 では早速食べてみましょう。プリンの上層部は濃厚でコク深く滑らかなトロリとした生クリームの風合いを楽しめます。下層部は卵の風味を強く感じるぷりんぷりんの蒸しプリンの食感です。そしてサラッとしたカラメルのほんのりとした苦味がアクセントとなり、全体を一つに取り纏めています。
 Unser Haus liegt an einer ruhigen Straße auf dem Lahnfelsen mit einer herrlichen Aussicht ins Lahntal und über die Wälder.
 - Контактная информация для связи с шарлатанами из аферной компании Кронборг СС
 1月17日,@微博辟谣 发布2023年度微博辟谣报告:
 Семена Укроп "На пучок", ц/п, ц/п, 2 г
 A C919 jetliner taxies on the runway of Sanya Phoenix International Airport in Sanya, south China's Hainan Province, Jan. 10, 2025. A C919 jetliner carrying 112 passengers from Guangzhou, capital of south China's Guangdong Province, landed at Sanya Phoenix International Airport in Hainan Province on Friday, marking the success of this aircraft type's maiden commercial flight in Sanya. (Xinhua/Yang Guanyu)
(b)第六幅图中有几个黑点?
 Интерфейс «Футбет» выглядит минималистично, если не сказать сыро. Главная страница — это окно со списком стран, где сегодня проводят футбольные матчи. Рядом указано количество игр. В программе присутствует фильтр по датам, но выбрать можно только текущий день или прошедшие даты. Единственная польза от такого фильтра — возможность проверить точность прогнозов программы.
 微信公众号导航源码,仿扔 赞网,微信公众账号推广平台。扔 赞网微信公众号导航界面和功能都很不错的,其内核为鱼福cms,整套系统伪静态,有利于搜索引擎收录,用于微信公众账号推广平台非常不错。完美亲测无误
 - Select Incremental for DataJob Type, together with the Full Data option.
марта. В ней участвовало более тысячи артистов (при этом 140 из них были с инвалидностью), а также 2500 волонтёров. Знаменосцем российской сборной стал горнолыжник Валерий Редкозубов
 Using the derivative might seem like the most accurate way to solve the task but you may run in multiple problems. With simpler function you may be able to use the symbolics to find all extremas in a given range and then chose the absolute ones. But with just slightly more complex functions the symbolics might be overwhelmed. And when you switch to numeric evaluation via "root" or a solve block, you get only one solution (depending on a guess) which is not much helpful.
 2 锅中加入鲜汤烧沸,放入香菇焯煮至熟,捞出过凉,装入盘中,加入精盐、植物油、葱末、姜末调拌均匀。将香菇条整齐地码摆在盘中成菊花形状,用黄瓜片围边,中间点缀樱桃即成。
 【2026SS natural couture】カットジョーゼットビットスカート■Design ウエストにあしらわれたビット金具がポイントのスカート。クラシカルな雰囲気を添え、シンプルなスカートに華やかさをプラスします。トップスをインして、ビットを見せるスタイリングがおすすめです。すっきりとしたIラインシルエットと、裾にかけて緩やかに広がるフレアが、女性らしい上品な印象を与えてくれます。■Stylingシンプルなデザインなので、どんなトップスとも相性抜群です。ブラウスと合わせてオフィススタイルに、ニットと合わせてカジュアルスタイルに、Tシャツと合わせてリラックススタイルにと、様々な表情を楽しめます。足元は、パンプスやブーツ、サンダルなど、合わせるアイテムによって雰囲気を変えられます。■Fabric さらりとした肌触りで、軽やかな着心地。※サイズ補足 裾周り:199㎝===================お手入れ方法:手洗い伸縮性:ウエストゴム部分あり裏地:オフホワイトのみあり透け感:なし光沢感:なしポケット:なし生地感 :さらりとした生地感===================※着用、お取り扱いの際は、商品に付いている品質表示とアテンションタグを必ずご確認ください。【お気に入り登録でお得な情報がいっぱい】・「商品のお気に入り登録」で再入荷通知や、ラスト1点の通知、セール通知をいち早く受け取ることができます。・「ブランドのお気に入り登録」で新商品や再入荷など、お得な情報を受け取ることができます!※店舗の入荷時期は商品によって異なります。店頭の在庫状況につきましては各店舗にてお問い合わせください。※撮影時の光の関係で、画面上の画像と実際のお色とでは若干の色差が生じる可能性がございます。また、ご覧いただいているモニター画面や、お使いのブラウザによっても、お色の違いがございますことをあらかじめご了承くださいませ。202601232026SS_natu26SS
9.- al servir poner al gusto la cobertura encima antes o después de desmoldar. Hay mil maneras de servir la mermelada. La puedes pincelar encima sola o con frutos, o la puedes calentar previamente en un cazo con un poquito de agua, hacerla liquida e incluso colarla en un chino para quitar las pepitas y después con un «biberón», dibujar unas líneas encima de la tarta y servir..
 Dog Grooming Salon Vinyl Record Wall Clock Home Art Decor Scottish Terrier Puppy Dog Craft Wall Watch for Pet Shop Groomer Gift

·····

What to work on: Without changing a word, restate the whole listing.

Solution to this exercise:
 では早速食べてみましょう。プリンの上層部は濃厚でコク深く滑らかなトロリとした生クリームの風合いを楽しめます。下層部は卵の風味を強く感じるぷりんぷりんの蒸しプリンの食感です。そしてサラッとしたカラメルのほんのりとした苦味がアクセントとなり、全体を一つに取り纏めています。
 Unser Haus liegt an einer ruhigen Straße auf dem Lahnfelsen mit einer herrlichen Aussicht ins Lahntal und über die Wälder.
 - Контактная информация для связи с шарлатанами из аферной компании Кронборг СС
 1月17日,@微博辟谣 发布2023年度微博辟谣报告:
 Семена Укроп "На пучок", ц/п, ц/п, 2 г
 A C919 jetliner taxies on the runway of Sanya Phoenix International Airport in Sanya, south China's Hainan Province, Jan. 10, 2025. A C919 jetliner carrying 112 passengers from Guangzhou, capital of south China's Guangdong Province, landed at Sanya Phoenix International Airport in Hainan Province on Friday, marking the success of this aircraft type's maiden commercial flight in Sanya. (Xinhua/Yang Guanyu)
(b)第六幅图中有几个黑点?
 Интерфейс «Футбет» выглядит минималистично, если не сказать сыро. Главная страница — это окно со списком стран, где сегодня проводят футбольные матчи. Рядом указано количество игр. В программе присутствует фильтр по датам, но выбрать можно только текущий день или прошедшие даты. Единственная польза от такого фильтра — возможность проверить точность прогнозов программы.
 微信公众号导航源码,仿扔 赞网,微信公众账号推广平台。扔 赞网微信公众号导航界面和功能都很不错的,其内核为鱼福cms,整套系统伪静态,有利于搜索引擎收录,用于微信公众账号推广平台非常不错。完美亲测无误
 - Select Incremental for DataJob Type, together with the Full Data option.
марта. В ней участвовало более тысячи артистов (при этом 140 из них были с инвалидностью), а также 2500 волонтёров. Знаменосцем российской сборной стал горнолыжник Валерий Редкозубов
 Using the derivative might seem like the most accurate way to solve the task but you may run in multiple problems. With simpler function you may be able to use the symbolics to find all extremas in a given range and then chose the absolute ones. But with just slightly more complex functions the symbolics might be overwhelmed. And when you switch to numeric evaluation via "root" or a solve block, you get only one solution (depending on a guess) which is not much helpful.
 2 锅中加入鲜汤烧沸,放入香菇焯煮至熟,捞出过凉,装入盘中,加入精盐、植物油、葱末、姜末调拌均匀。将香菇条整齐地码摆在盘中成菊花形状,用黄瓜片围边,中间点缀樱桃即成。
 【2026SS natural couture】カットジョーゼットビットスカート■Design ウエストにあしらわれたビット金具がポイントのスカート。クラシカルな雰囲気を添え、シンプルなスカートに華やかさをプラスします。トップスをインして、ビットを見せるスタイリングがおすすめです。すっきりとしたIラインシルエットと、裾にかけて緩やかに広がるフレアが、女性らしい上品な印象を与えてくれます。■Stylingシンプルなデザインなので、どんなトップスとも相性抜群です。ブラウスと合わせてオフィススタイルに、ニットと合わせてカジュアルスタイルに、Tシャツと合わせてリラックススタイルにと、様々な表情を楽しめます。足元は、パンプスやブーツ、サンダルなど、合わせるアイテムによって雰囲気を変えられます。■Fabric さらりとした肌触りで、軽やかな着心地。※サイズ補足 裾周り:199㎝===================お手入れ方法:手洗い伸縮性:ウエストゴム部分あり裏地:オフホワイトのみあり透け感:なし光沢感:なしポケット:なし生地感 :さらりとした生地感===================※着用、お取り扱いの際は、商品に付いている品質表示とアテンションタグを必ずご確認ください。【お気に入り登録でお得な情報がいっぱい】・「商品のお気に入り登録」で再入荷通知や、ラスト1点の通知、セール通知をいち早く受け取ることができます。・「ブランドのお気に入り登録」で新商品や再入荷など、お得な情報を受け取ることができます!※店舗の入荷時期は商品によって異なります。店頭の在庫状況につきましては各店舗にてお問い合わせください。※撮影時の光の関係で、画面上の画像と実際のお色とでは若干の色差が生じる可能性がございます。また、ご覧いただいているモニター画面や、お使いのブラウザによっても、お色の違いがございますことをあらかじめご了承くださいませ。202601232026SS_natu26SS
9.- al servir poner al gusto la cobertura encima antes o después de desmoldar. Hay mil maneras de servir la mermelada. La puedes pincelar encima sola o con frutos, o la puedes calentar previamente en un cazo con un poquito de agua, hacerla liquida e incluso colarla en un chino para quitar las pepitas y después con un «biberón», dibujar unas líneas encima de la tarta y servir..
 Dog Grooming Salon Vinyl Record Wall Clock Home Art Decor Scottish Terrier Puppy Dog Craft Wall Watch for Pet Shop Groomer Gift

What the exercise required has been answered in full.